李滄東(イ・チャンドン)文化観光部長官がいわゆる「ビック3」新聞にねらいをつけて、販売部数上位3社の市場シェアを調整する考えを明らかにしたのは、政府が国民の新聞選びにまで介入するということを意味する。新政権が、新聞政策に関しては、なりふりかまわぬ「意志」を確実に示したものと解釈される。シェアを低下させるためには強制に新聞の購読を切るようにするしかない。いったい、どこの国で、このようなとんでもないことが起きたことがあるのだろうか。

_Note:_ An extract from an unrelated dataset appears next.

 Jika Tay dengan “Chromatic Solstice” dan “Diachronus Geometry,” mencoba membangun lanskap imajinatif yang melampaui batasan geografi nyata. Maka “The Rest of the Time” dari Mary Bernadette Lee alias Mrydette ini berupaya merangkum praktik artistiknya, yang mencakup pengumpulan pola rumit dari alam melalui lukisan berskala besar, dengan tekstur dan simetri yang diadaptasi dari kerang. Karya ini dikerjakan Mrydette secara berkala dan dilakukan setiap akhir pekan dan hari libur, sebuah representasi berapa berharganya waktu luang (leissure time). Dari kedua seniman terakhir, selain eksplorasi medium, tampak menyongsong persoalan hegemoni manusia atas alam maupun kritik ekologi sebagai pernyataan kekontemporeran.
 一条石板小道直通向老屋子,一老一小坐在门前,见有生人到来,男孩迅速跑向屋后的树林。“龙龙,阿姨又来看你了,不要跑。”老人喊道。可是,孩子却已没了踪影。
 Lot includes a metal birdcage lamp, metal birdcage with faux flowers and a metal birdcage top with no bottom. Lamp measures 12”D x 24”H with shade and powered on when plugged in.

李長官は、新聞の上位3社の市場シェアが75%を占めるため、公正取引法が定めた独占寡占制限の対象になるという見解を明らかにした。上位3社は東亜(トンア)、朝鮮(チョソン)、中央(チュンアン)の新聞3社を指すものと思われる。しかし、どの統計資料でも75%というシェアの数値は出ていない。それよりずっと低い数値だけが出ている。このようなでたらめの統計をもって、国民の基本権である言論の自由に関わる政策の判断基準にしているのだから、あきれたものだ。

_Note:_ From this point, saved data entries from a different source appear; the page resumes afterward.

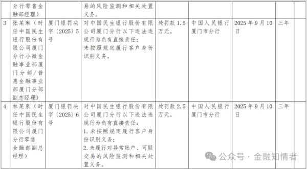 9月18日,中国人民银行厦门市分行行政处罚信息公示表显示,中国民生银行股份有限公司(下简称“民生银行”)厦门分行存在以下5项违法行为类型,被警告,通报批评,并处罚款合计147.96万元。 5项违法行为分别为:1.违反反假货币业务管理规定;2.违反数据安全管理规定;3.未按照规定履行客户身份识别义务;4.未履行对异常账户、可疑交易的风险监测和相关处置义务;5.违反账户管理规定。 同时,时任民生银行厦门分行零售金融部经理郭某明对该行未履行对异常账户、可疑交易的风险监测和相关处置义务负有直接责任,被罚款1万元;时任民生银行厦门分行小微金融事业部厦门分部/普惠金融事业部厦门分部副总经理张某琳对该行未按照规定履行客户身份识别义务负有直接责任,被罚款1.5万元;时任民生银行厦门分行零售金融部副总经理林某泉对该行未履行对异常账户、可疑交易的风险监测和相关处置义务,未按照规定履行客户身份识别义务负有直接责任,被罚款2.5万元。 就在本周,民生银行刚因系统使用管控不到位、基础软件版本管理不足、生产运维管理不严等,被罚款590万元。 民生银行今年最大的罚单来自于今年1月,民生银行因违反账户管理规定、违反清算管理规定、违反反假货币业务管理规定、占压财政存款或者资金等多项违规,被中国人民银行警告,并没收违法所得99万元,罚款1705.5万元。 此外,民生银行还 2月,民生银行泉州分行因个人贷款贷前调查不尽职、贷后管理不到位;流动资金贷款未合理测算营运资金需求,贷后管理不到位;不良资产处置程序不合规;发放经营性物业贷款不审慎等多项违规行为,被泉州金融监管分局处以罚款250万元的行政处罚。时任民生银行泉州分行资产保全部总经理曾宝华和时任民生银行石狮支行客户经理杨建康因上述违规行为被泉州金融监管分局处以警告。 1月,民生银行苏州分行因流动资金贷款转存银票保证金、贷款用途管理不到位被罚款115万元。同时,民生银行常熟支行副行长龚某因流动资金贷款转存银票保证金被警告并处罚款9万元;时任民生银行小微金融事业部苏州分部总经理陈因贷款用途管理不到位被警告并处罚款7万元。 民生银行2025年半年报显示,今年上半年,该行营业收入为723.84亿元,同比增长7.83%,但归母净利润为213.80亿元,同比降4.87%。主要因信用减值损失同比增长26.70%。 其中,发放贷款和垫款减值损失为234.52亿元,同比增长29.40%。去年同期,该行发放贷款和垫款减值损失则同比降6.75%。 此前,该行贷款减值损失已连降四年,2021年—2024年同比降幅分别为23.81%、28.92%、4.51%、2.03%。 如今,该行贷款减值损失重拾升势,加大对该行资产质量的考验。 与贷款减值损失大增相应,今年上半年末,民生银行不良双升。其中,不良贷款额为660.52亿元,较上年末增长0.67%;不良贷款率为1.48%,较上年末升0.01个百分点。 不良贷款中,个贷不良额较上年末增长3.48%,不良率为 1.89%,较上年末升0.09个百分点。其中,小微贷款不良率为1.56%,较上年末升0.02个百分点;信用卡不良贷款率为3.68%,较上年末升0.4个百分点。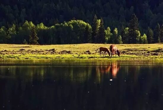 鸭泽湖身处喀纳斯景区内,因湖中有许多野鸭而得名。夏天有成群野鸭、大雁在湖区栖息,繁衍生息,十分壮观。如今这里因河水改到,变成了一大片沼泽湿地,与湿地相接的是大片的河谷草原,草原上几只闲适的牛在慢慢地游走觅食,风景清幽而动人。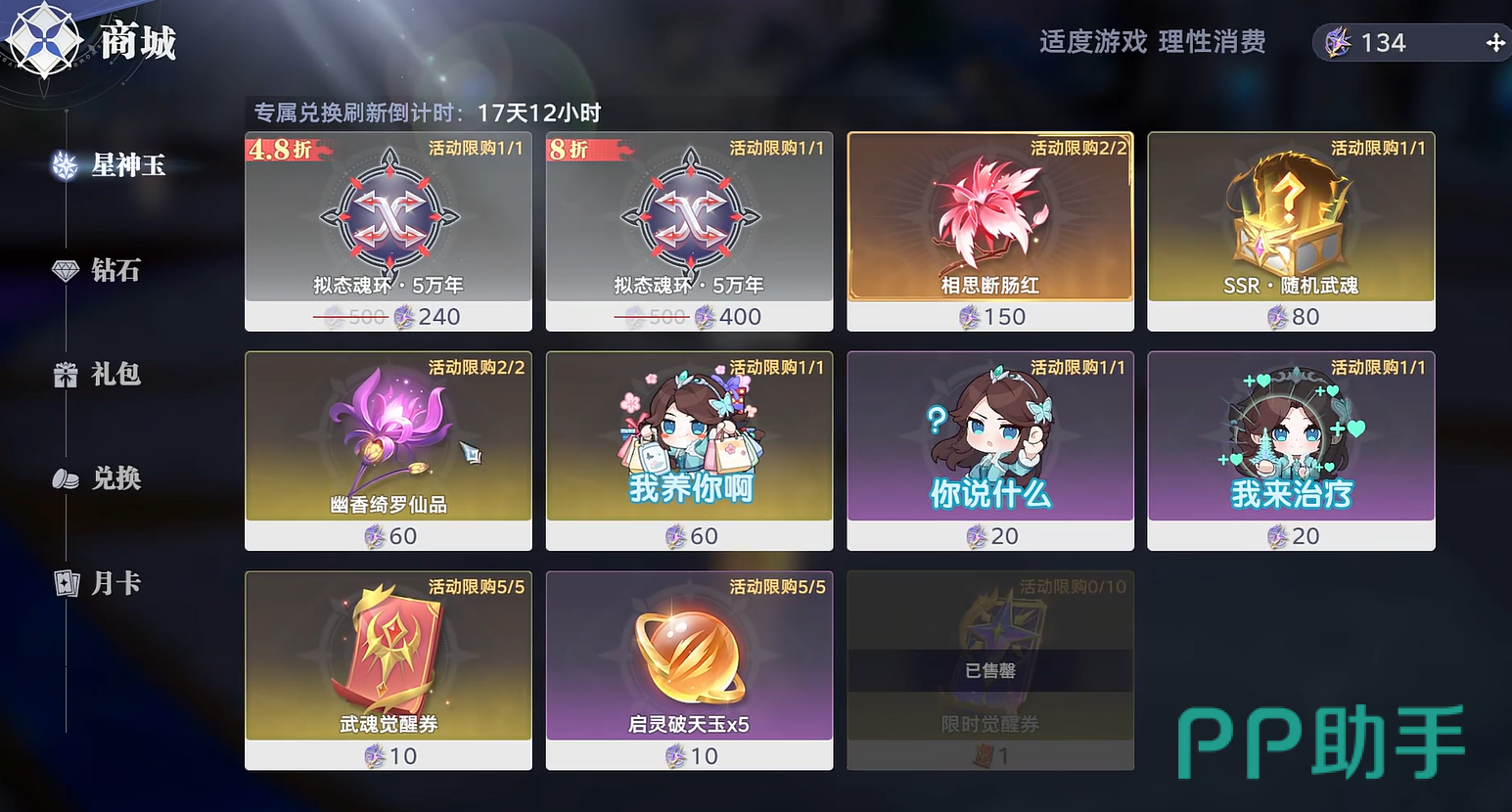 然后还有其他类型的道具,大家可根据自身需求选择,如果缺少武魂的话就可以购买随机的SSR武魂。第二种就是钻石商店,钻石便是在游戏中获取的一种更高级的货币,可按需兑换各种道具材料,方便各位培养角色或者武魂。另外还能使用其他物品,随心兑换各种高价值道具。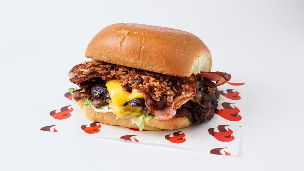 Μαλακό ψωμάκι με πουρέ πατάτας, διπλό μοσχαρίσιο μπιφτέκι με cheddar, αίσμπεργκ, μπέικον, τραγανό κρεμμύδι, bbq και Delly's sauce.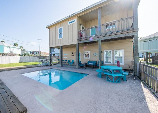 Welcome to Brock's Beach Pad! - your private retreat offering everything you want in a Port A vacation! ~Brand-new 4 bedroom home with full kitchen, private washer/dryer and all the comforts of home ~Private deck with Gulf views! ~Gorgeous PRIVATE swimming pool! ~Easy beach access! The Beach walkover is just steps away ~Beach walkover is golf cart friendly to cruise on and off the beach ~Wonderful entertainment options - 3 arcade machines and outdoor games such as cornhole and connect 4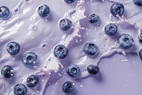 Fototapeta premium Jagody w jogurcie - świeżość i smak w pastelowych odcieniach

たとえ、シェアが高いとしても放送と比較してみなければならない。KBS、MBC、SBSの地上波テレビ局3社は売上高で85%のシェアを占めている。マスコミ産業全体の売上高規模を比較してみると、新聞より放送のほうがずっと大きい。市場の独占による「世論の独占寡占」が問題なら、放送の方がより深刻だ。新聞に独占寡占禁止法を適用できるかどうかも疑問だ。情報を伝え、世論を形成する新聞は冷蔵庫、洗濯機のような工業生産品とは区別される。政府が一部の新聞に対して持っている敵対感を赤裸々に表したケースだ。
李長官が新聞共同配達制に文化産業振興基金を支援すると発言したのも、納得のいかないものだ。新聞の配達と文化産業がいったい何の関係があるというのか、とても理解できない。しかも、彼の法的物差しが常識と論理を根拠にしているかについても疑問を抱かざるを得ない。
映画監督の時代、表現の自由を誰より擁護していた李長官が今は、先頭に立って言論の自由をい縮させているのは残念だ。李長官の非文化的で軽率な対マスコミ政策の「実験」は中断されるべきだ。